It was bound to happen, but no one really thought it’d happen this fast.
In a press release sent out this morning, online mega-seller Amazon announced that Kindle books are now outselling both paperback and hardcover books combined. It took a little over two years since the Kindle launched in 2007 to have its e-books outpace hardcovers, but it happened in July of 2010 before overtaking paperbacks six months later as well.
“Customers are now choosing Kindle books more often than print books,” says Amazon Founder and CEO Jeff Bezos. “We had high hopes that this would happen eventually, but we never imagined it would happen this quickly – we’ve been selling print books for 15 years and Kindle books for less than four years.”
Since April of this year, Amazon touts that they’ve been able to sell 105 Kindle books for every 100 print books sold.

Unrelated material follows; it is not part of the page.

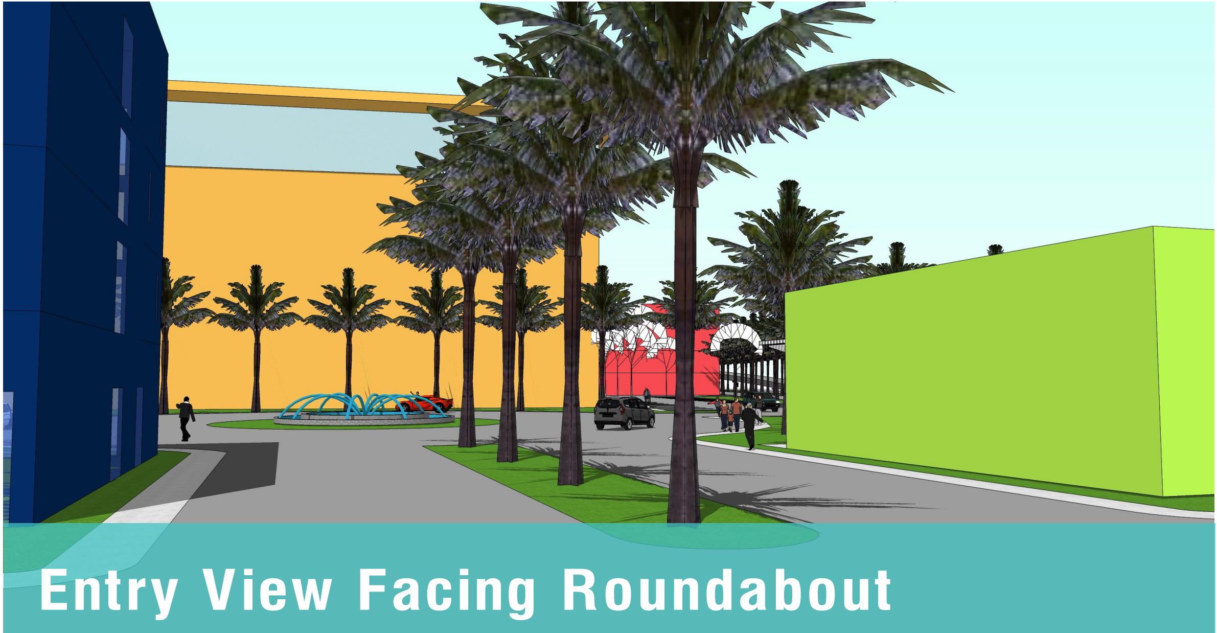
Entry View Facing Roundabout

Part of the company’s accelerated success can at least be partially attributed to the proliferation of its e-readers. The third generation Kindle — in addition to being the Seattle-based company’s best selling item ever — pursued an aggressive low-pricing strategy in the interest of ubiquity, as perhaps best indicated by the recent introduction of a relatively inexpensive $114 ad-supported Kindle and Kindle apps for just about every popular mobile platform. And studies have shown that dedicated, e-ink powered readers like the Kindle can thrive alongside more capable devices like the iPad.
The U.S. Kindle store has over 950,000 titles to choose from, a large portion of which (790,000) are priced at $9.99 or less. Amazon has teased out that it may unveil a full-fledged tablet later this year, while recent partnerships and initiatives (such as with local libraries) point to the device’s staying power with readers.